What is expected => Excluding every picture, print exactly the lines from the one containing "صورة 15: بيانات" through the end of the material below, both ends included.

========================================================================

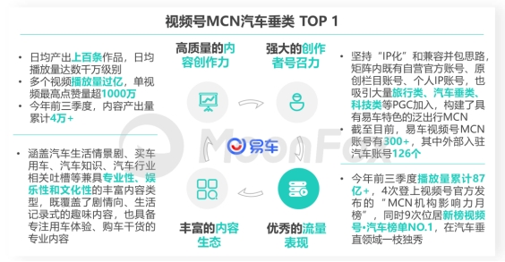 通过构建这样多主体供给,多类型覆盖,涵盖主流汽车消费、生活场景的视频内容体系,易车打造了汽车垂直领域的视频生产、分发“中央厨房”。易车也以“视频化”为战略支点,全面升级内容体系,构建连接用户、自媒体与厂商、经销商的内容新生态,引领并推动汽车内容行业的视频化转型。
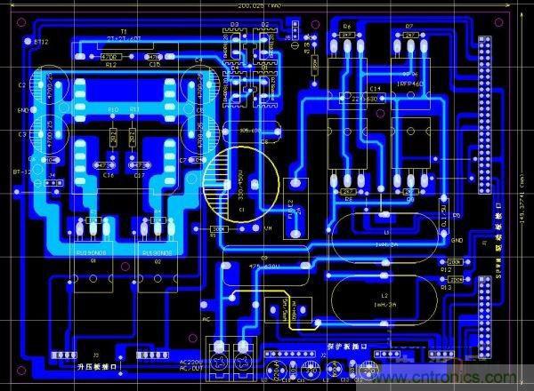下面是功率主板的PCB截圖,長寬為200X150MM,因?yàn)?,這部分的電路比較簡(jiǎn)單,就不給出原理圖了,直接畫了PCB圖,如圖1所示。
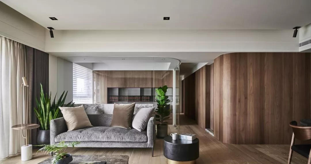 挑选黑胡桃、深色橡木、缅甸柚木或红山毛榉等等颜色比较深且纹理鲜明的木种作为空间基底,降低白墙的比例,添加如黑铁件、深色木柜和黑色类家具,凸显出的木纹就像是诱人的手炒黑糖浆一样,散发浓郁迷人的香气,让人想细细品味自然的甜。
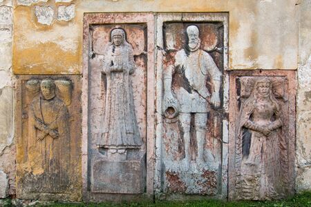 The ancient St. George's Cathedral. A fragment of the wall of an Orthodox church of the XIII century with carved decorations. Yuryev-Polsky, Russia, 2022
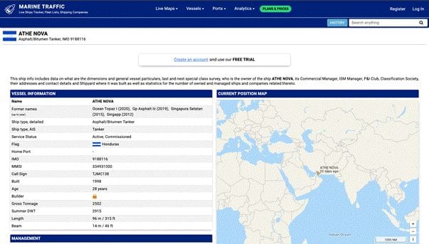 صورة 15: بيانات ناقلة النفط Athe Nova | المصدر: Marine Traffic
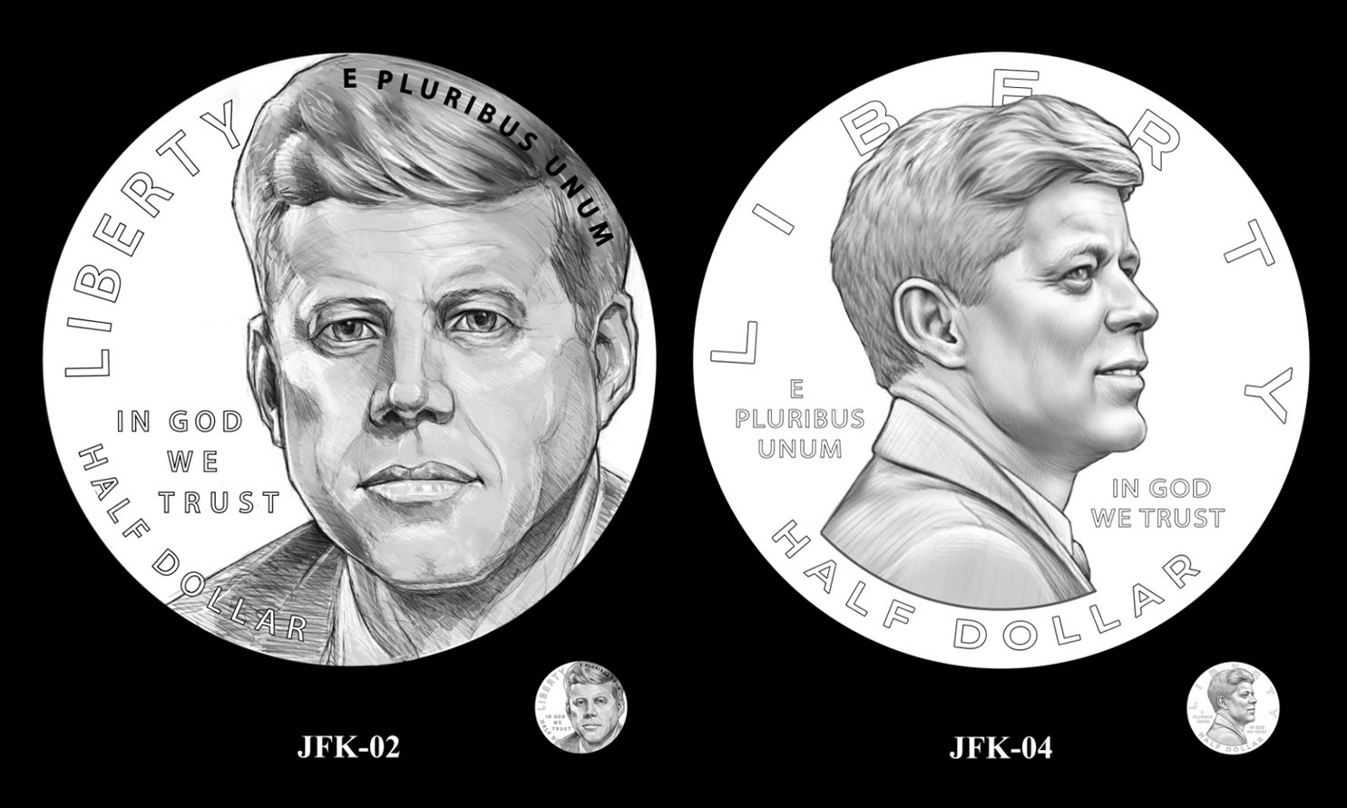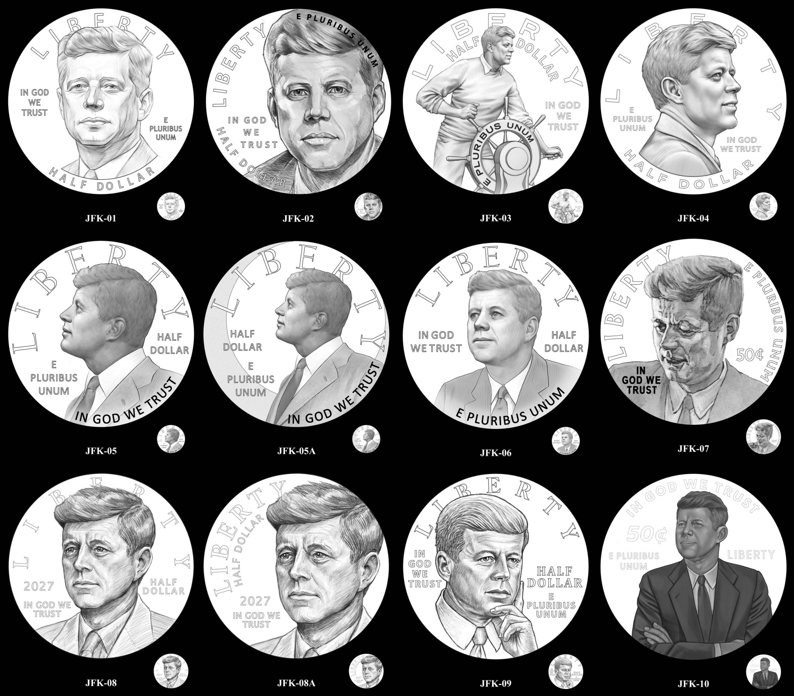 The U.S. Mint presented 12 obverse candidates, and the two panels split: the CCAC backed candidate #2, while the CFA said the original Kennedy portrait is superior to the new proposals but, among the new options, preferred candidate #4 with Kennedy shown at a slightly older age.

========================================================================

Finished task =>
 صورة 15: بيانات ناقلة النفط Athe Nova | المصدر: Marine Traffic
 The U.S. Mint presented 12 obverse candidates, and the two panels split: the CCAC backed candidate #2, while the CFA said the original Kennedy portrait is superior to the new proposals but, among the new options, preferred candidate #4 with Kennedy shown at a slightly older age.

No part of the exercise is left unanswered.